A trader can as well switch to defensive securities, whose ability is just minimally impacted by switching trends in the market. Therefore, defensive securities are fixed in economic gloom and boom orbit. These are firms such as utilities, which are usually possessed by the government. They are demands that people purchase not considering the economic state.
What is a Bullish Reversal?
A bullish reversal is when a stock begins to trend in the upward direction after it has been originally trending downward direction. A reversal is different from a pullback and depicts a huge trend, which is a counter-move during a trend that fails to switch the entire path of the trend
Your investment would be affected hugely by both bull and bear markets. For this reason, it is crucial that you set out some time to observe how the market is fairing, when about to make an investment decision. Not that after a long term, the stock market frequently does post a positive return.

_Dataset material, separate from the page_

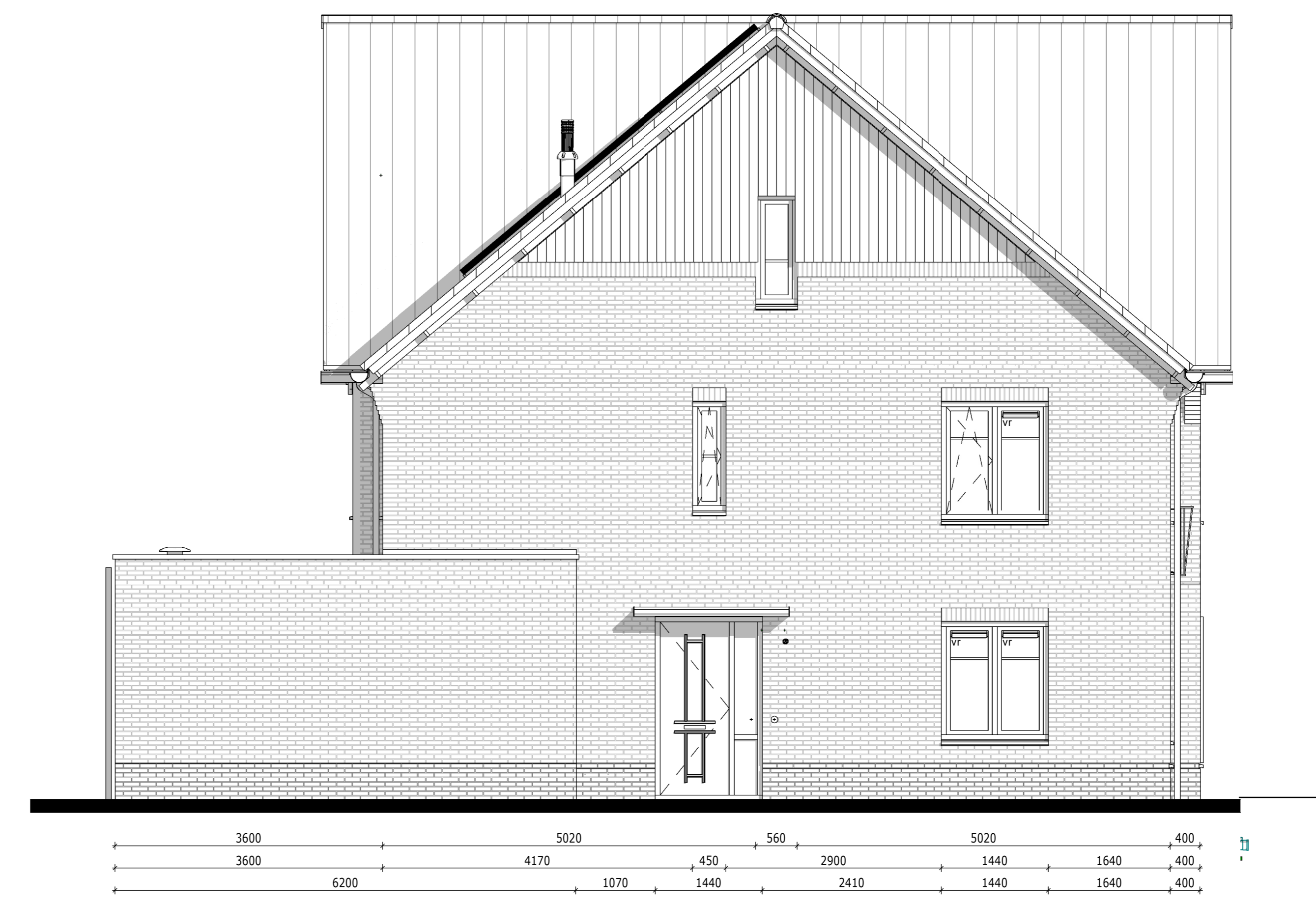
Linkergevel - Bouwnummer 054 & 055 1 : 50

All traders ought to know about long, short, bearish, and bullish. These terms are adopted mostly in trading magazines, finance news, market breakdown, and everyday trading conversation.
They are as well adopted in all trades as well as on all time frames. Be it you are a day trader or investing securities or making forecasts on foreign currencies. Each time you view your portfolio or converse about investing, you will hear or read about these terms.
A long trader, also known as a bull, believes that there will be an increment in the price of one or more stocks. A stock trader is pessimistic that the price will fall and eliminate a huge amount of money. In a way, the two traders act based on emotion.
The short trader is controlled by the phobia of missing opportunity while the long trader is controlled by the phobia of losing money. The fact that these words are popular shows what important function traders’ emotions or sentiments portray in the purchase and sell dilemmas.